GPs are finding the complexity of managing patients with chronic diseases is forever increasing along with the number of such patients presenting.
While there’s lots of talk about the ageing population and its impact on health services provision and the Budget, there is less talk about the baby boomer population who are now turning 70. They will bring with them not only a bulge around the waist but the many chronic diseases associated with obesity. One only has to look at the baby boomer pyramid to see the effect this may have on future health needs.
According to the US Census Bureau, in 1946 roughly 2.4 million baby boomers were born, and by 1964 (the last year of the baby boom) there were 72.5 million baby boomers. Today, baby boomers range in age from 52 to 71 years old. Every five years each age cohort scales up the pyramid. Australia has similar trends.
In a recent ABC RN Health Report, Dr Norman Swan interviewed health economist Professor Simon Ackerman about his new book Health Economics from Theory to Practice
Ackerman suggests that in the face of a rapidly ageing population there is urgent need for reform in health and aged care.

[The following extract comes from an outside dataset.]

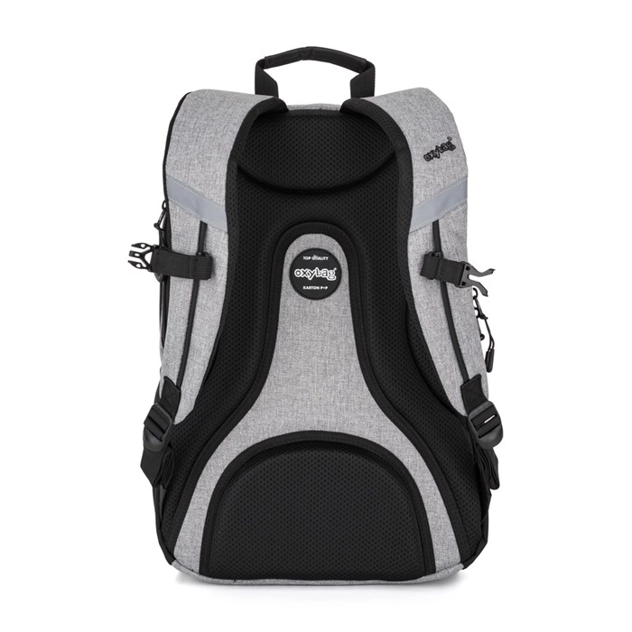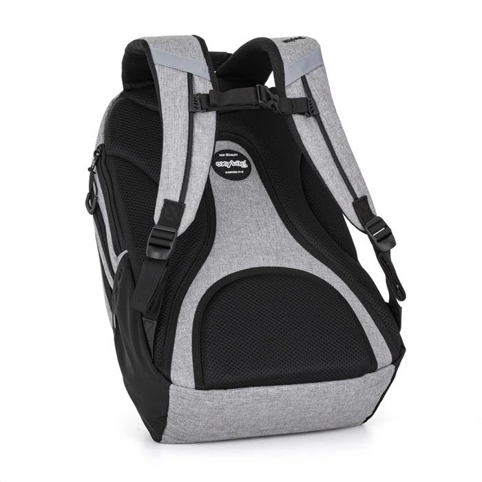 De OXYBAG Sport Grey Melange studentenrugzak is ontworpen voor comfortabel en veilig dragen van school- en vrijetijdsspullen. Ergonomisch gevormd rugpand, gevoerde, verstelbare banden en een borstriem zorgen voor stabiliteit op de rug en comfort gedurende de hele dag. Twee hoofdvakken met stevige ritsen bieden voldoende ruimte voor boeken, schriften en kleding, terwijl het kleinere voorvak snelle toegang tot kleine items vergemakkelijkt.

Without this reform, the baby boomer bump will put unsustainable pressure on Australia’s health spending. He says one of the reasons for health cost blowouts is expensive new technologies and costly government policies. When you add in the baby boomer population bulge, the problem becomes even more critical.
He says that “up until now we haven’t really experienced in terms of health expenditure the impact of ageing, because we’ve had such a large increase in life expectancy that it’s been protective of the ageing effect. There are fewer people dying in any given age cohort and a lot of our health expenditure is associated with proximity to death.”
The oldest baby boomers are now 71 and the youngest 52. It is when this population gets older the health system will be strained. We need age and health care reform, because by 2050 we will have three times as many people over 85 and three times as many people with dementia.
The pressure will be on for better health promotion policies, and creating age and dementia friendly communities and cities
The predictions by the Productivity Commission in 2006 were that by 2050, 50 per cent of health expenditure will be explained by ageing costs, and a lot of that with end-of-life costs. Baby boomers have tended to be very assertive and that trend is likely to continue with particular demands around successful ageing.
So, the pressure will be on for better health promotion policies, and creating age and dementia friendly communities and cities. This will require social and environmental planning with lots of incentive to remain physically and socially active and engaged. Keeping people out of nursing homes will be a priority.
Health Care Homes will need to involve Lifestyle Medicine rather than relying on excessive use of new technologies.
GPs and the allied health teams they lead will play a central role in keeping people in their homes for as long as possible while trying to avoid hospital and nursing home admissions.
High quality palliative care will be important. Shared Medical Appointments will become commonplace to complement one to one consultations.
The sooner the government funds more training for the primary care workforce in these preventative health strategies the better. If we keep going as we are, aged care will simply become unaffordable over the next few decades.